Exercise instructions:
Every line below from the one with "Die Initiatoren des" through the one with "商品相册:N次贴(STICK" is to be repeated exactly, with no picture among them.

Information shown:
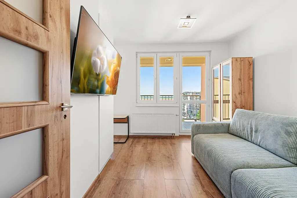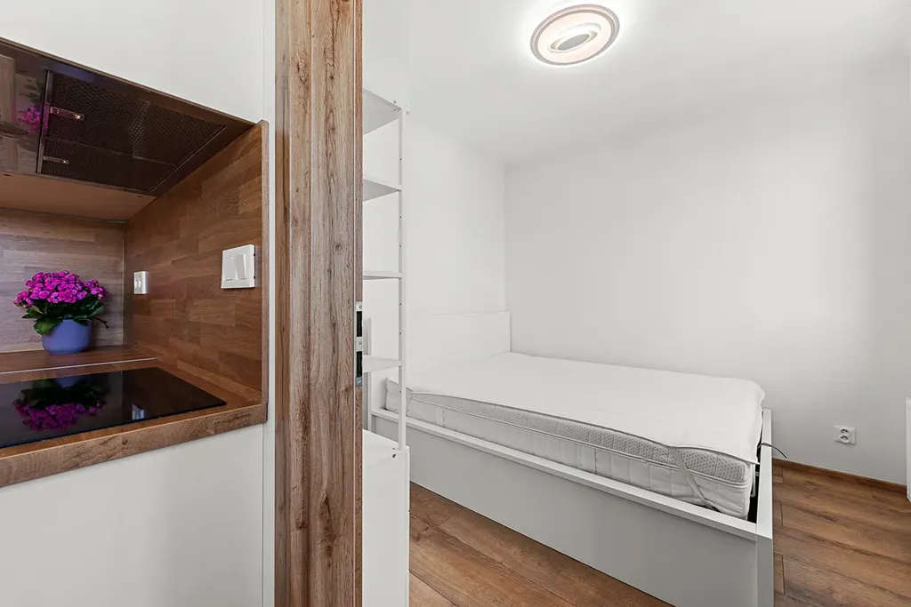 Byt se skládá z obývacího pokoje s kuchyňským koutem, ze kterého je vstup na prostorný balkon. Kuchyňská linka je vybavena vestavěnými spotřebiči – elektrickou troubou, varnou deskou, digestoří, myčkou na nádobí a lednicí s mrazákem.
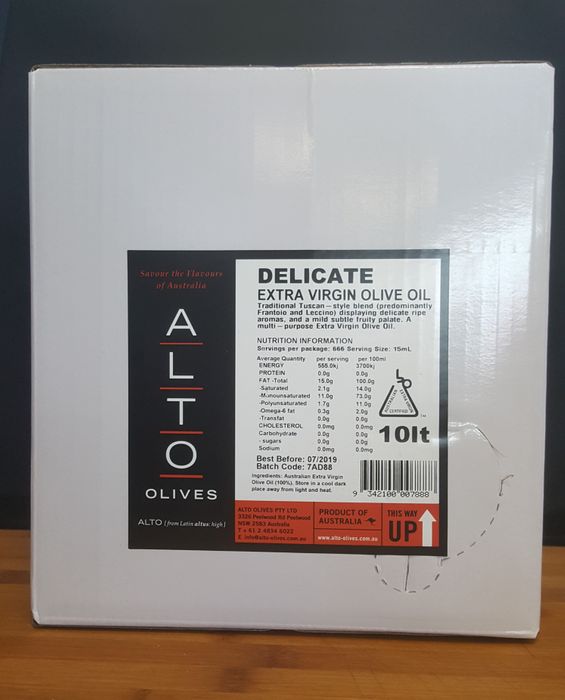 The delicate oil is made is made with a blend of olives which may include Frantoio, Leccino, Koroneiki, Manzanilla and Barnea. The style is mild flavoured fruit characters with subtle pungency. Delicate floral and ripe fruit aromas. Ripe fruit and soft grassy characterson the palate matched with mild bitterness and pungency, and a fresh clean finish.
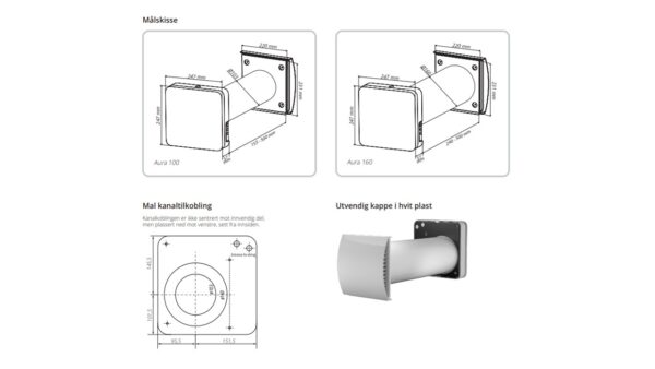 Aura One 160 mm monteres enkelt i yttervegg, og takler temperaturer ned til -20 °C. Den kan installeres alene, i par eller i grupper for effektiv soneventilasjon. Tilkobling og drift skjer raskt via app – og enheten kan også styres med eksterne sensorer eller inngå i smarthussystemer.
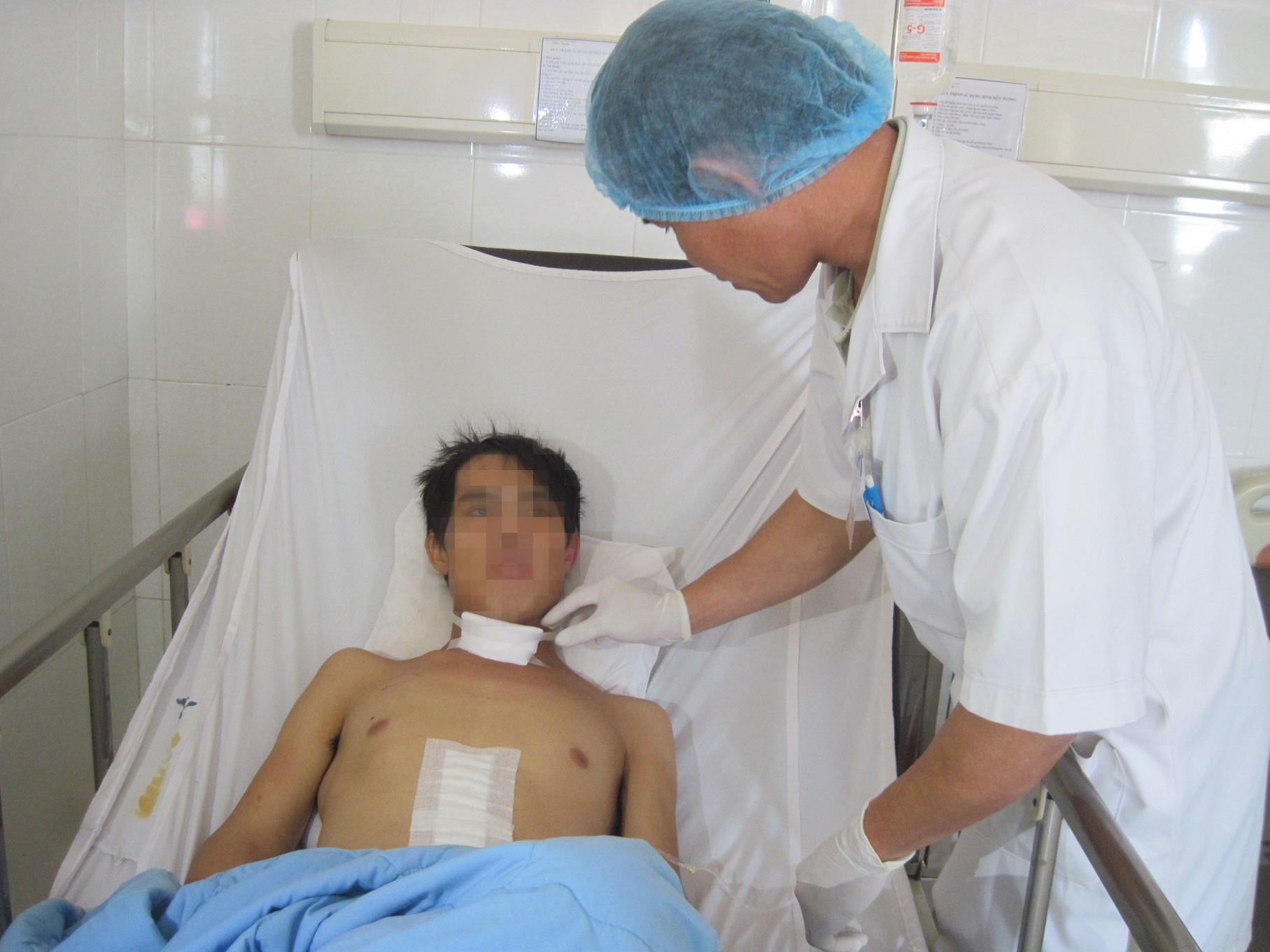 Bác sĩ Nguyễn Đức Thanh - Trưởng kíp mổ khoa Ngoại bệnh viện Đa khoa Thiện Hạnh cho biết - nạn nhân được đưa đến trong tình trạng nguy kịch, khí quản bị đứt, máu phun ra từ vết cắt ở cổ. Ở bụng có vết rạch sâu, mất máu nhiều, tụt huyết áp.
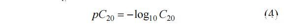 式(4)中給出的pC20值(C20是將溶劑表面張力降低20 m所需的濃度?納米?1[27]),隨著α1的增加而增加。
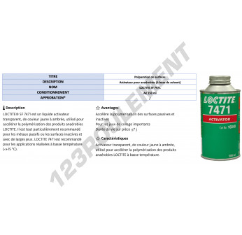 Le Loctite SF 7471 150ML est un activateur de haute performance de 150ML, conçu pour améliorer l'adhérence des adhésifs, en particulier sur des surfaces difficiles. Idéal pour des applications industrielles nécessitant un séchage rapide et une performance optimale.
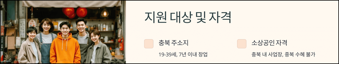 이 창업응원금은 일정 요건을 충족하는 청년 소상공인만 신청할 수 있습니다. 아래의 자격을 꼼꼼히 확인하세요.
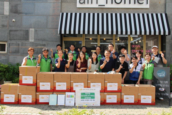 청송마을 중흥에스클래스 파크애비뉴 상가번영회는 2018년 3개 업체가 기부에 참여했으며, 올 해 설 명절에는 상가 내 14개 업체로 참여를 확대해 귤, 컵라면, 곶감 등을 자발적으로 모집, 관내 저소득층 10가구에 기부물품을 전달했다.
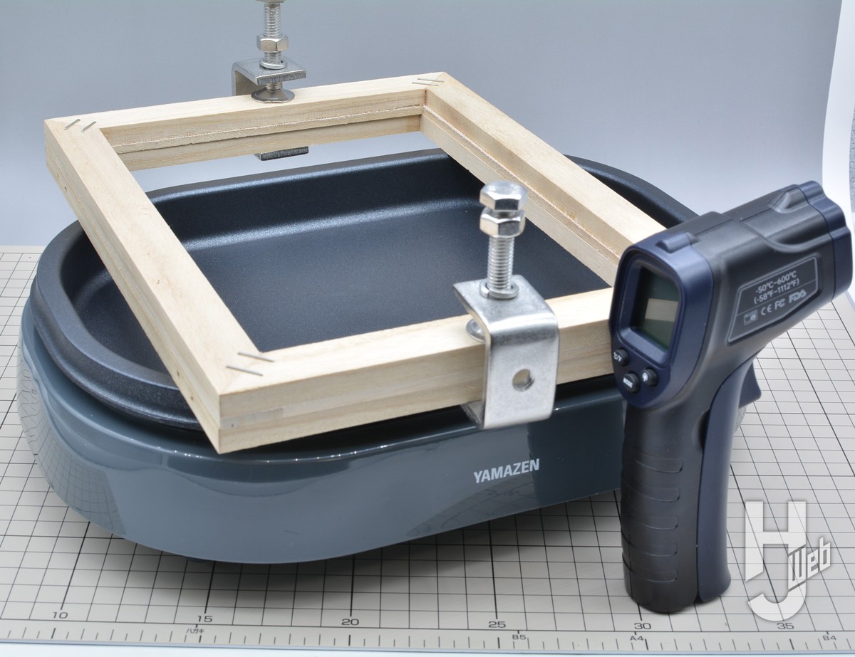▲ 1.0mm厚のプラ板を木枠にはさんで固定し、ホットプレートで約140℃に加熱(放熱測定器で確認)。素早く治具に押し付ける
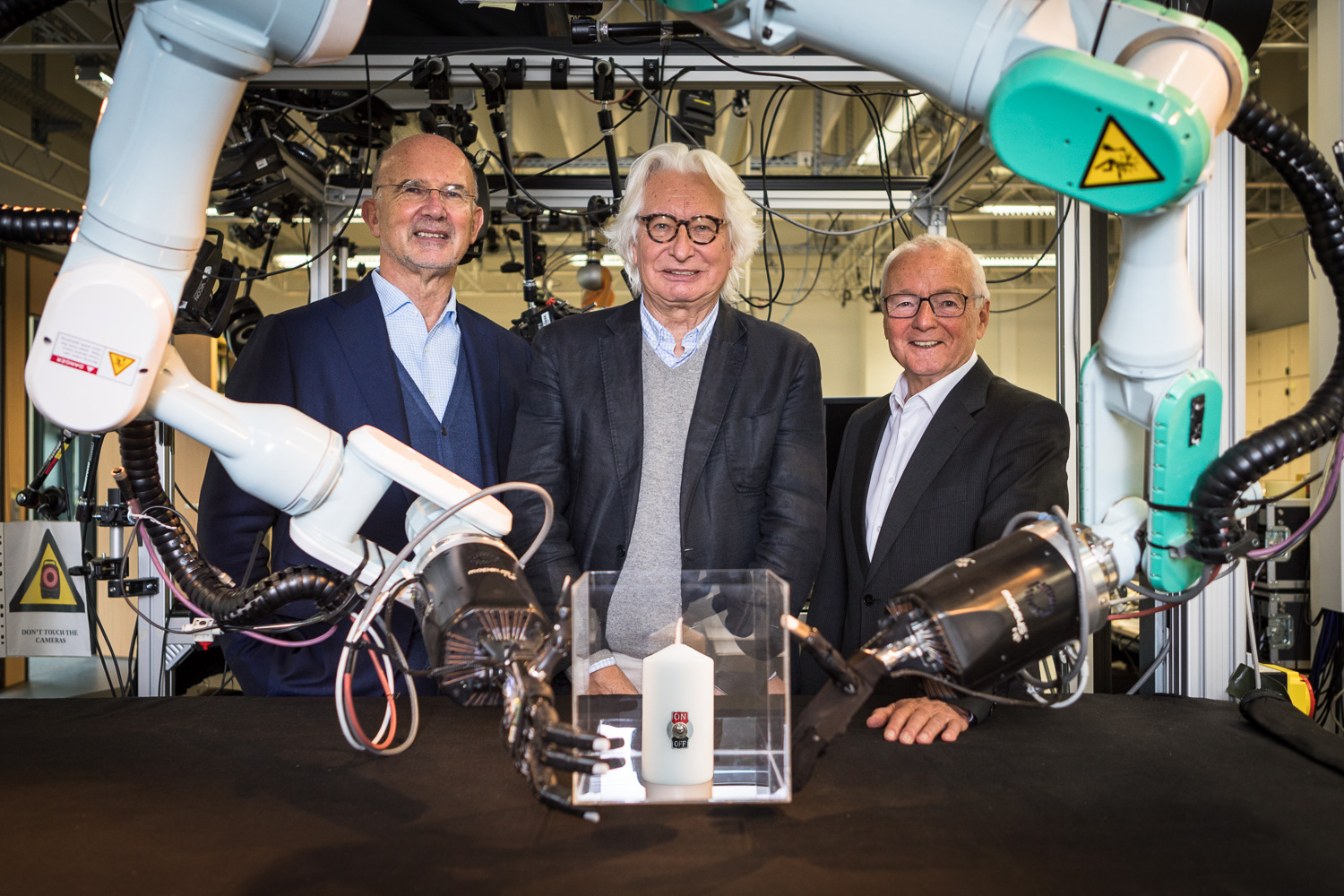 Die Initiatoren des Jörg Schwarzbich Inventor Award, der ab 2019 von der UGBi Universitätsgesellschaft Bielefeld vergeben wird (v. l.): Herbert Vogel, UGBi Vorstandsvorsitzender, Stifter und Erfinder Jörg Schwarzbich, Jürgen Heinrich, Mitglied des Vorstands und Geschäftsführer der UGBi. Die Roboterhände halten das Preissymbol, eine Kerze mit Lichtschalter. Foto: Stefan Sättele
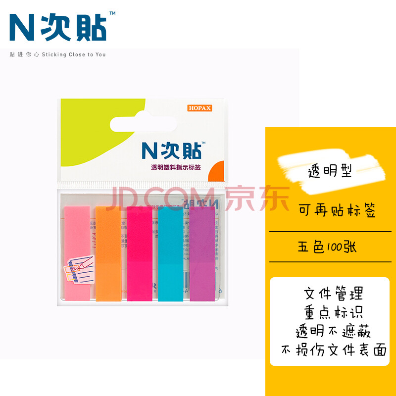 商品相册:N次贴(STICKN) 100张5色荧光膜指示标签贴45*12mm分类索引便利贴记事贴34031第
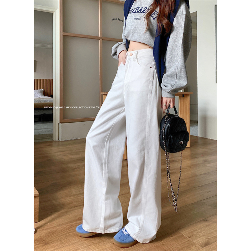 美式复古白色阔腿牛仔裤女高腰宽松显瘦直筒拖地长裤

Exercise response:
 Die Initiatoren des Jörg Schwarzbich Inventor Award, der ab 2019 von der UGBi Universitätsgesellschaft Bielefeld vergeben wird (v. l.): Herbert Vogel, UGBi Vorstandsvorsitzender, Stifter und Erfinder Jörg Schwarzbich, Jürgen Heinrich, Mitglied des Vorstands und Geschäftsführer der UGBi. Die Roboterhände halten das Preissymbol, eine Kerze mit Lichtschalter. Foto: Stefan Sättele
 商品相册:N次贴(STICKN) 100张5色荧光膜指示标签贴45*12mm分类索引便利贴记事贴34031第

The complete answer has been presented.